Phosphorescence.—A great many Alcyonaria are known to be phosphorescent. Moseley says that "All the Alcyonarians dredged by the 'Challenger' in deep water were found to be brilliantly phosphorescent when brought to the surface." The phosphorescence of the common British Pennatula phosphorea has attracted more attention than that of any other species, and has been well described by Panceri, Forbes, and others. Forbes[^[368]] says, "The pen is phosphorescent only when irritated by touch; the phosphorescence appears at the place touched, and proceeds thence in an undulating wave to the extremity of the rachis, but never in the opposite direction; it is only the parts at and above the point of stimulation that show phosphorescence, the light is emitted for a longer time from the point of stimulation than from the other luminous parts; detached portions may show phosphorescence. When plunged in fresh water, the Pennatula scatters sparks about in all directions—a most beautiful sight."

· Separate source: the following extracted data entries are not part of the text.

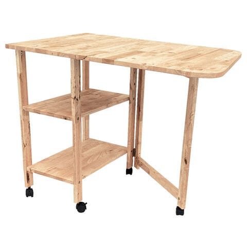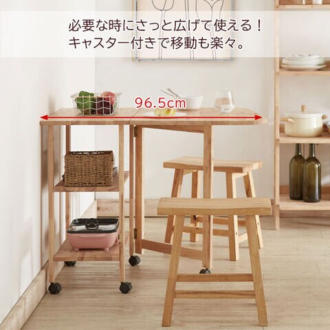 必要な時にさっと広げて使える棚板付き簡易テーブルです。キャスター付きで移動も楽々。ちょっとした作業台に最適です。飽きのこないシンプルなデザインが魅力で、年代を問わずご使用いただけます。
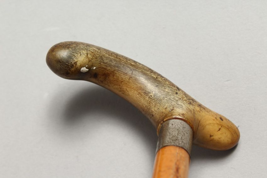 A CANE WITH RHINO HANDLE
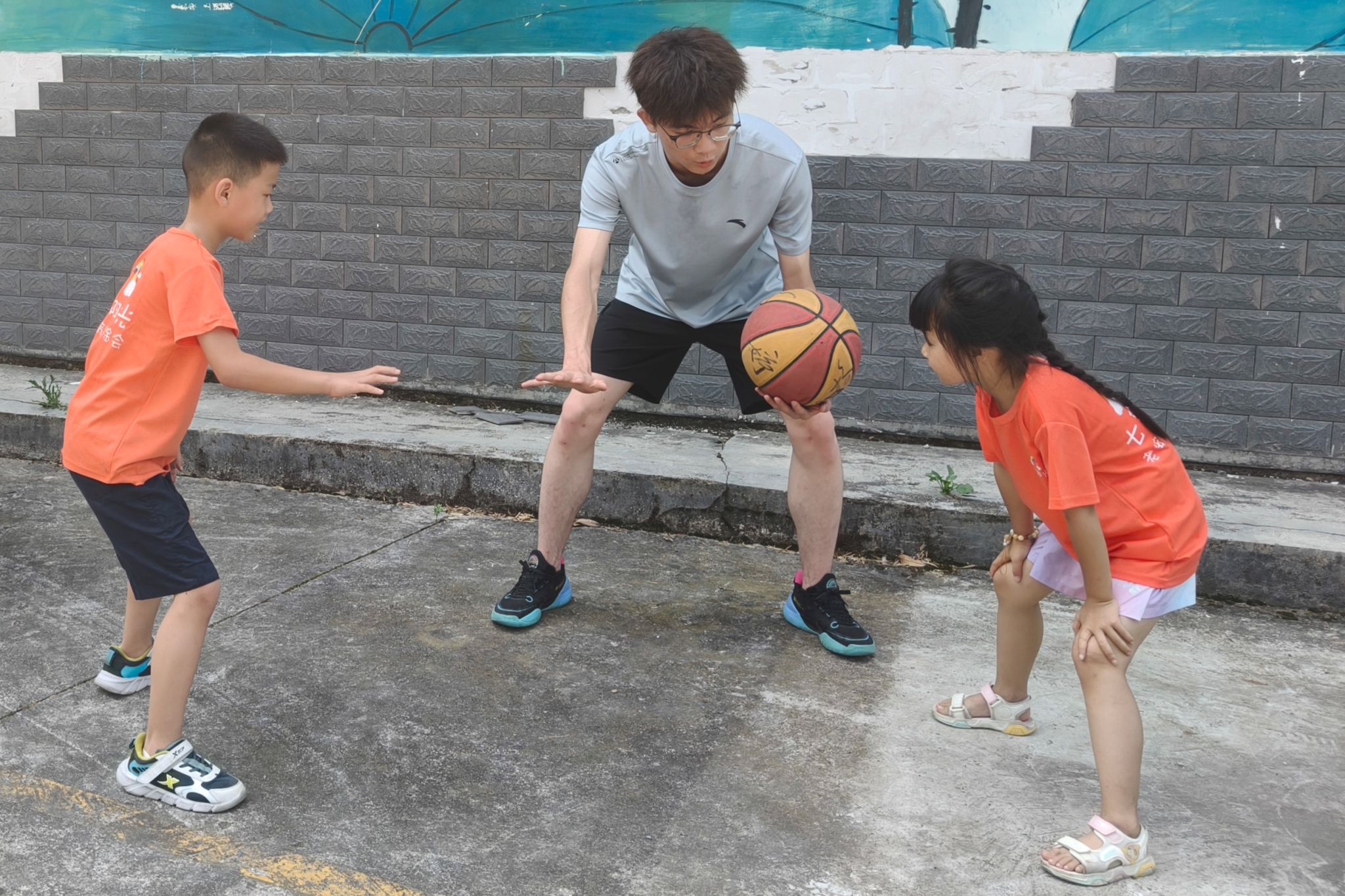 实践团队员向学生讲解篮球技巧
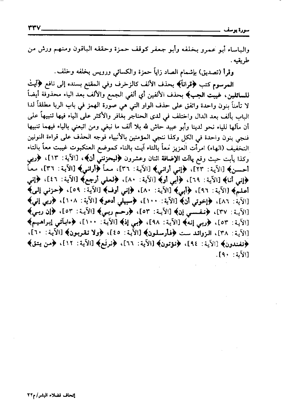 المرسوم كتب "قرانا" بحذف الألف كالزخرف, وفي المقنع بسنده إلى نافع "آيت للسائلين، غيبت الجب" بحذف الألفين أي: ألفي الجمع والألف بعد الياء محذوفة أيضا, لا تأمنا بنون واحدة, واتفق على حذف الواو التي هي صورة الهمز في باب الربا مطلقا لدا الباب بألف بعد الدال, واختلف في لدى الحناجر بغافر, والأكثر على الياء فيها تنبيها على أن مآلها للياء نحو: لدينا وأبو عبيد حاش لله بلا ألف, ما نبغي ومن اتبعني بالياء فيهما تنبيها, فنجي بنون واحدة في الكل, وكذا ننجي المؤمنين بالأنبياء, فوجه الحذف على قراءة النونين التخفيف "الهاء" امرأت العزيز معا بالتاء آيت بالتاء كموضع العنكبوت غيبت معا بالتاء, وكذا يأبت حيث وقع ياءات الإضافة اثنان وعشرون "لَيَحْزُنُنِي أَن" [الآية: 13] "رَبِّي أَحْسَن" [الآية: 23] "إِنِّي أَرَانِي" [الآية: 36] معا "أراني" [الآية: 36] معا "إِنِّي أَنَا" [الآية: 69] "أَبِي أَو" [الآية: 80] "لَعَلِّي أَرْجِع" [الآية: 46] "إِنِّي أَعْلَم" [الآية: 96] "أبي" [الآية: 80] "إنِّي أُوفِي" [الآية: 59] "حُزْنِي إِلَى" [الآية: 86] "إِخْوَتِي أن" [الآية: 100] "سَبِيلِي أَدْعُو" [الآية: 108] "رَبِّي إِنِّي" [الآية: 37] "نَفْسِي إِن" [الآية: 53] "رَحِمَ رَبِّي" [الآية: 53] "إِنَّ رَبِّي" [الآية: 53] "رَبِّي إِنَّه" [الآية: 98] "بِي إِذ" [الآية: 100] "ءابآئي إِبْرَاهِيم" [الآية: 38] الزوائد ست "فَأَرْسِلُون" [الآية: 45] "وَلا تَقْرَبُون" [الآية: 60] "تُفَنِّدُون" [الآية: 94] "تُؤْتُون" [الآية: 66] "نرتع" [الآية: 12] "مَنْ يَتَّق" [الآية: 90] .
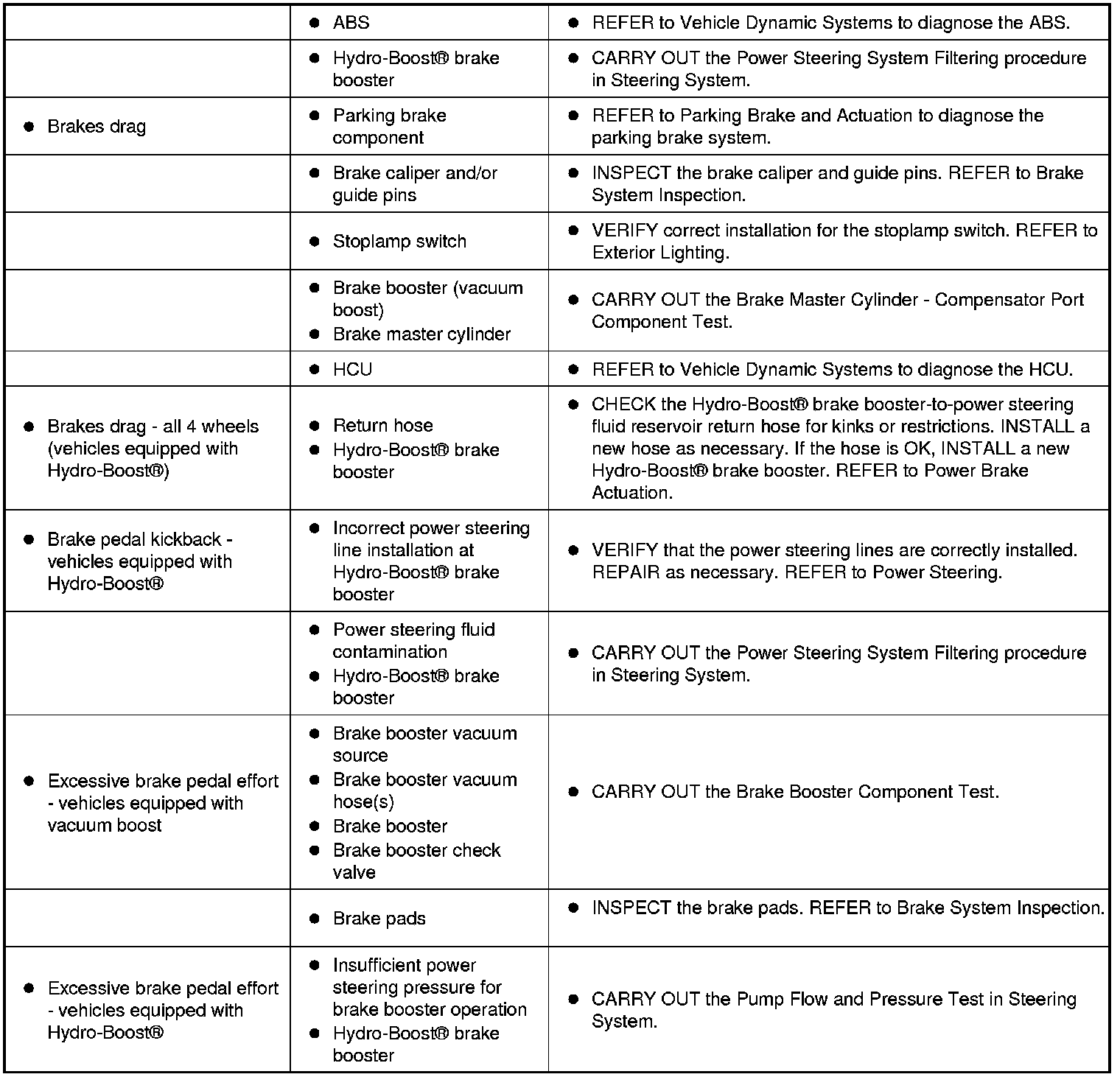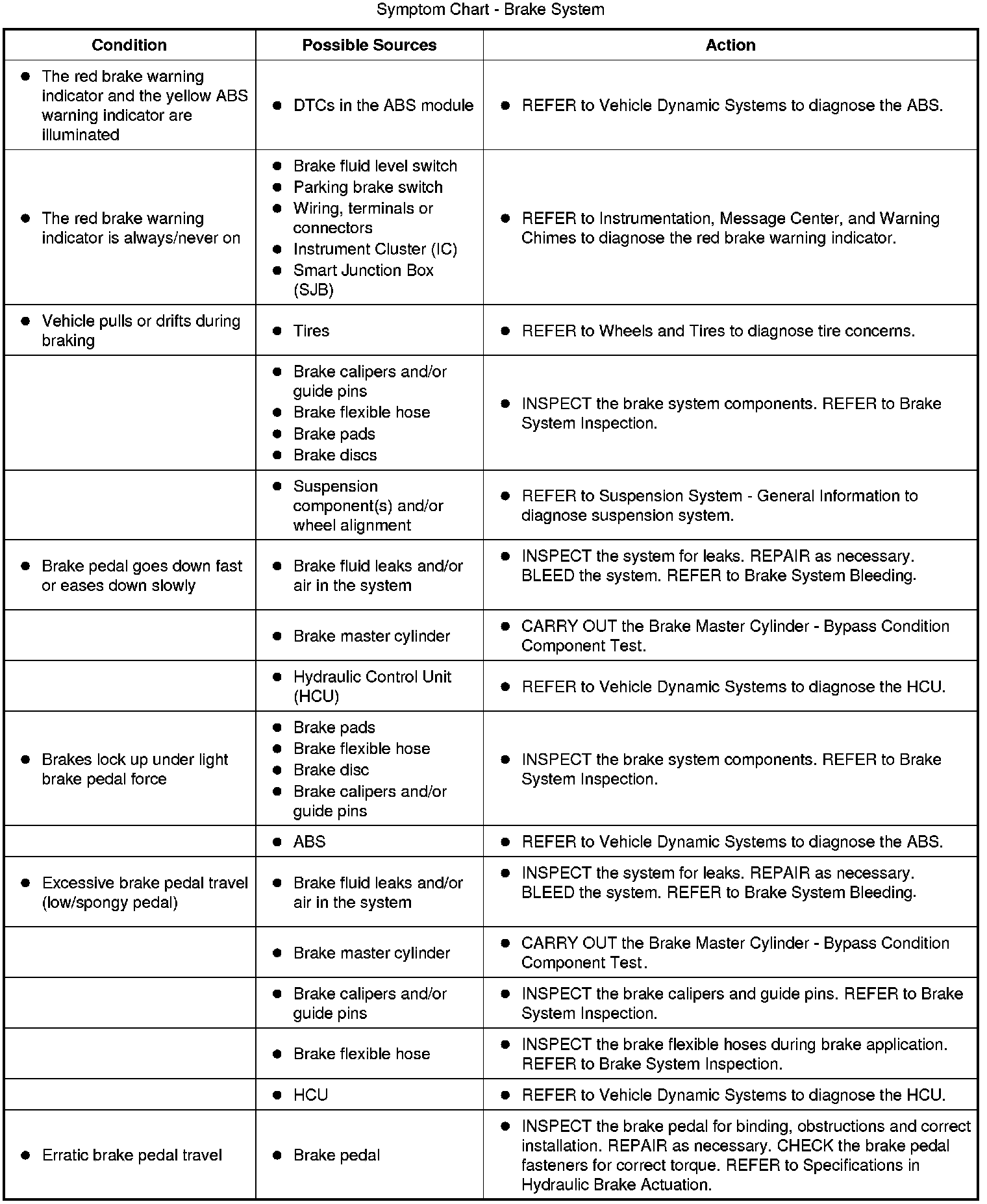 Symptom Chart - Brake System

Panceri was of opinion that the mesenteric filaments were the organs of phosphorescence, but the whole question of the cause and localisation of the light in these colonies requires further investigation.

Food.—Very little is known about the food of Alcyonaria, but it is very probable that it consists entirely of minute larvae and other living organisms. When the coelenteric cavities of preserved Alcyonaria are examined, food is very rarely found in them, although fragments of Crustacean appendages have occasionally been seen in the neighbourhood of the mesenteric filaments. Experimenting upon Alcyonium digitatum, Miss Pratt[^[369]] has found that the zooids seize and swallow various small organisms of a surface-net gathering, and that they will also swallow finely minced fragments of the muscle of fish, but that they reject many kinds of fish ova. In many tropical and some extra-tropical species the superficial canal systems and the inter-mesenterial spaces of the zooids contain a large number of Zooxanthellae, and their presence seems to be associated in some cases with a decided degeneration of the digestive organs. It has been suggested that these symbiotic "Algae" prepare food materials after the manner of plants, and that these are absorbed by the hosts, but it appears improbable that in any case this source of food supply is sufficient. It must probably be supplemented in some degree by food obtained by the mouth, and digested in the coelenteric cavity.